TD Hive 2 Performance Tuning
See Hive Performance Tuning which includes:
- Leveraging Time-based Partitioning
- WHERE time <=> Integer
- Set Custom Schema
- DISTRIBUTE BY…SORT BY v. ORDER BY
- Avoid “SELECT count(DISTINCT field) FROM tbl”
- Considering the Cardinality within GROUP BY
- Efficient Top-k Query Processing using each_top_k
- Exploding multiple arrays at the same time with TD_NUMERIC_RANGE and TD_ARRAY_INDEX
Rewrite queries for better performance
When running queries against tables that have terabytes worth of data, tuning your queries becomes an important mechanism to keep your systems in peak performance.
Sometimes a query is using too many mappers and can be rewritten to reduce the number of mappers that it requires. Or, if possible the query can be modified to take advantage of Tez or Spark.
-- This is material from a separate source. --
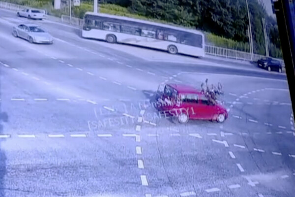 Уличная камера запечатлела инцидент. На кадрах видно, как красный автомобиль сбивает велосипедиста. От удара мужчина отлетает в сторону на несколько метров. На записи также заметно, что в момент ДТП человек находился в защитном шлеме.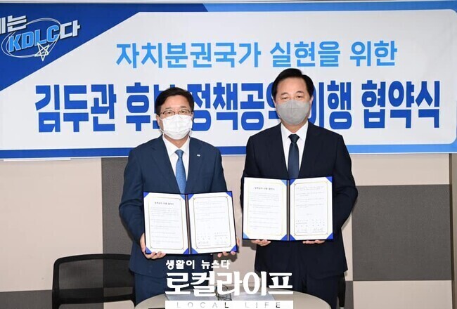 [수원=로컬라이프] 송준형 기자 = 전국 자치분권 민주지도자회의(KDLC)가 더불어민주당 대선 경선 후보인 김두관 국회의원과 ‘자치분권 실현을 위한 정책공약 이행협약’을 체결했다.

hive.optimize.countdistinct is a parameter that determines whether to rewrite count distinct into 2 stages. The first stage uses multiple reducers with the count distinct key and the second stage uses a single reducer without key.
Query hints can help with performance
Hints let you make decisions usually made by the query engine. Because you know your data, you might know things that the optimizer does not know. Hints provide a mechanism to direct the query engine to process a query based on the criteria that you specify.